Laboratory of Systems Pharmacology, HMS LINCS Center, Harvard Medical School, Boston, MA 02115, USA.
Department of Pharmacological Sciences, Drug Toxicity Signature Generation (DToxS) LINCS Center, Icahn School of Medicine at Mount Sinai, One Gustave L. Levy Place, Box 1603, New York, NY 10029, USA.
Cell Syst. 2019 Jul 24;9(1):35-48.e5. doi: 10.1016/j.cels.2019.06.005. Epub 2019 Jul 10.
Evidence that some high-impact biomedical results cannot be repeated has stimulated interest in practices that generate findable, accessible, interoperable, and reusable (FAIR) data. Multiple papers have identified specific examples of irreproducibility, but practical ways to make data more reproducible have not been widely studied. Here, five research centers in the NIH LINCS Program Consortium investigate the reproducibility of a prototypical perturbational assay: quantifying the responsiveness of cultured cells to anti-cancer drugs. Such assays are important for drug development, studying cellular networks, and patient stratification. While many experimental and computational factors impact intra- and inter-center reproducibility, the factors most difficult to identify and control are those with a strong dependency on biological context. These factors often vary in magnitude with the drug being analyzed and with growth conditions. We provide ways to identify such context-sensitive factors, thereby improving both the theory and practice of reproducible cell-based assays.

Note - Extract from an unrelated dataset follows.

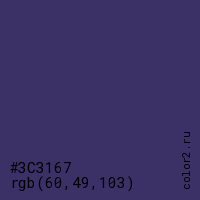 Цвет #3C3167 в цветовой модели RGB обозначается тремя октетами (60, 49, 103) в десятичном формате и #3C3167 в шестнадцатиричном (hex) формате, которые являются интенсивностью красного 60 (hex 3C), интенсивность зелёного 49 (hex 31) и интенсивность синего 103 (hex 67).

有证据表明,一些高影响力的生物医学研究结果无法重复,这激发了人们对生成可查找、可访问、可互操作和可重复使用(FAIR)数据的实践的兴趣。多篇论文已经确定了不可重复性的具体例子,但广泛研究使数据更具可重复性的实用方法尚未得到广泛研究。在这里,NIH LINCS 计划联盟的五个研究中心研究了一种典型的扰动测定法的可重复性:定量测定培养细胞对抗癌药物的反应性。此类测定对于药物开发、研究细胞网络和患者分层非常重要。虽然许多实验和计算因素会影响中心内和中心间的可重复性,但最难识别和控制的因素是那些与生物学背景有很强依赖性的因素。这些因素通常随分析的药物和生长条件而变化。我们提供了识别此类上下文敏感因素的方法,从而提高了基于细胞的可重复测定的理论和实践。